■ **Problem requirements**
Nothing but the lines below from the one holding "在大賽中,市二院憑借卓越表現" up to and including the one holding "O que acompanha" should be copied, exactly and without pictures.

Stored items
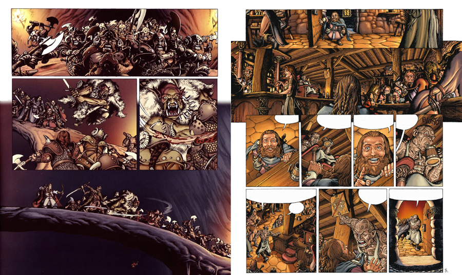 Hikayenin senaryosunu David Chauvel yazmış, çizimini ise Jérome Lereculey üstlenmiş. Ben kendi adıma çizimleri oldukça güzel buldum. Bütün kareler ziyadesiyle dolgun, ayrıntısı bol ve uzun uzadıya baktıkça göze hitap edecek düzeyde. Yalnız söz konusu “cüceler” ve “fantastik diyarlar” olunca, farkına vardığım şey “Tolkien”in cüce şehri tasvirinden öteye arpa boyu bir ilerleme yok. Bazı karelere baktığımda, Lotr filminde yüzük kardeşliğinin ilerlediği sahneler canlandı gözümde. Tolkien’in cüce şehri tasvirleri demiştim ya, Khazad-dum köprüsünün birebir aynısını buradaki cüce şehrinde de görüyoruz. Eh artık bu hayal gücü noksanlığı mı? Yoksa büyük ustaya bir saygı duruşu mu, tam kestiremedim. Hikaye ile ilgili kısımlara en sonda değineceğim.
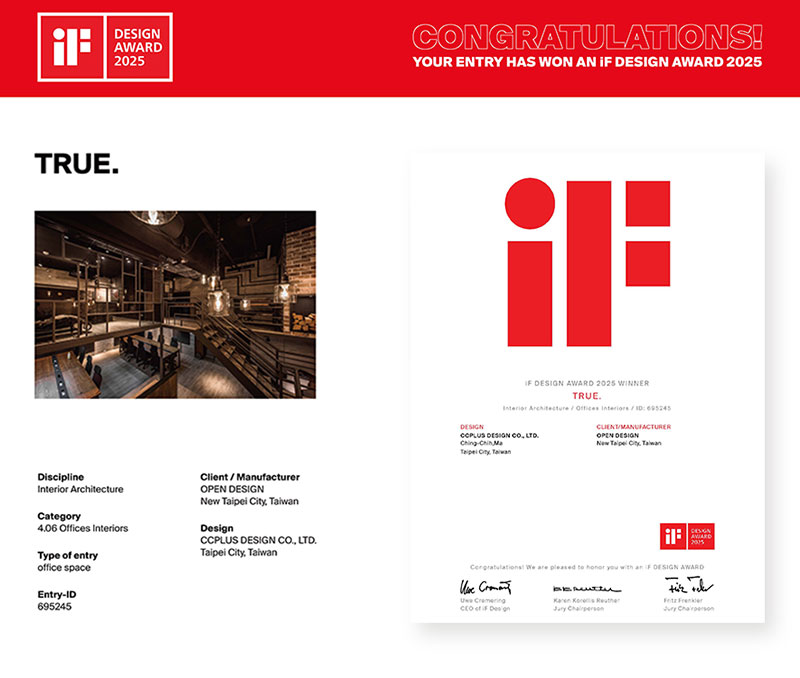 品昕設計 設計總監 馬靜自 運用新舊交融的設計哲學,透過樓梯扶手、挑高壁面與夾層辦公室外的不規則幾何線條,創造豐富趣味的視覺層次,締造純粹懷舊氛圍的辦公場域《TRUE.初 空間》,於本屆賽事中大放異彩,勇奪2025 德國iF設計大獎「Winner」,再度彰顯品牌的卓越創意與國際視野!
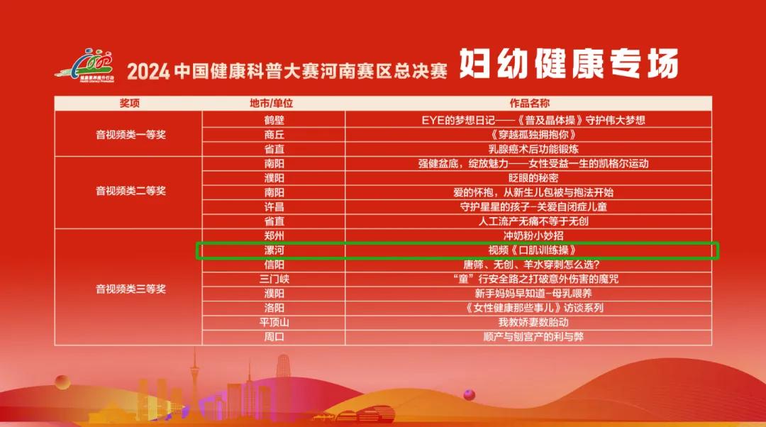 在大賽中,市二院憑借卓越表現(xiàn),原創(chuàng)作品《雙腿的控訴》獲得慢性病類作品三等獎(jiǎng)、《背包俠客》獲得婦幼健康類作品三等獎(jiǎng)、視頻作品《口肌訓(xùn)練操》獲得三等獎(jiǎng),為健康知識普及書寫了精彩篇章。
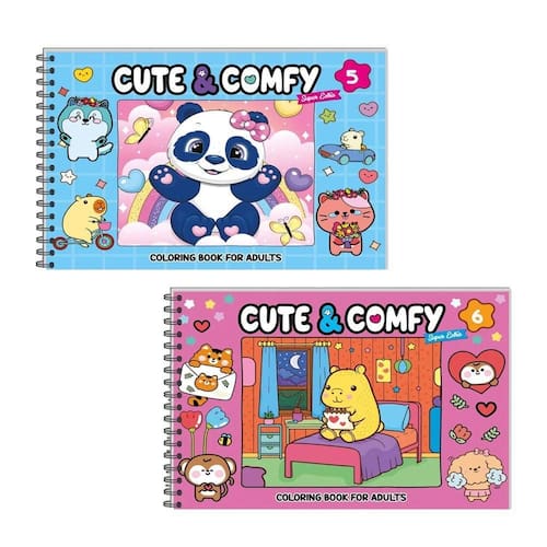 O que acompanha o Kit:- 1 Livro Cute & Comfy Super Extra Edição 5 AzulUm convite ao relaxamento, com ilustrações acolhedoras que combinam perfeitamente com o tom elegante da capa azul holográfica.- 1 Livro Cute & Comfy Super Extra Edição 6 RosaDelicado e inspirador, traz uma seleção de desenhos reconfortantes, perfeitos para expressar sua criatividade com leveza e estilo.
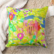 Este travesseiro tem pinceladas de verão, incluindo: amarelo, verde limão, rosa, laranja, turquesa, aqua, preto, coral, azul e muito mais. Usei camadas sobre camadas de cores e texturas em graus variados de opacidade para dar essa profundidade e o mais importante...DIVERSÃO!

■ **Written answer**
 在大賽中,市二院憑借卓越表現(xiàn),原創(chuàng)作品《雙腿的控訴》獲得慢性病類作品三等獎(jiǎng)、《背包俠客》獲得婦幼健康類作品三等獎(jiǎng)、視頻作品《口肌訓(xùn)練操》獲得三等獎(jiǎng),為健康知識普及書寫了精彩篇章。
 O que acompanha o Kit:- 1 Livro Cute & Comfy Super Extra Edição 5 AzulUm convite ao relaxamento, com ilustrações acolhedoras que combinam perfeitamente com o tom elegante da capa azul holográfica.- 1 Livro Cute & Comfy Super Extra Edição 6 RosaDelicado e inspirador, traz uma seleção de desenhos reconfortantes, perfeitos para expressar sua criatividade com leveza e estilo.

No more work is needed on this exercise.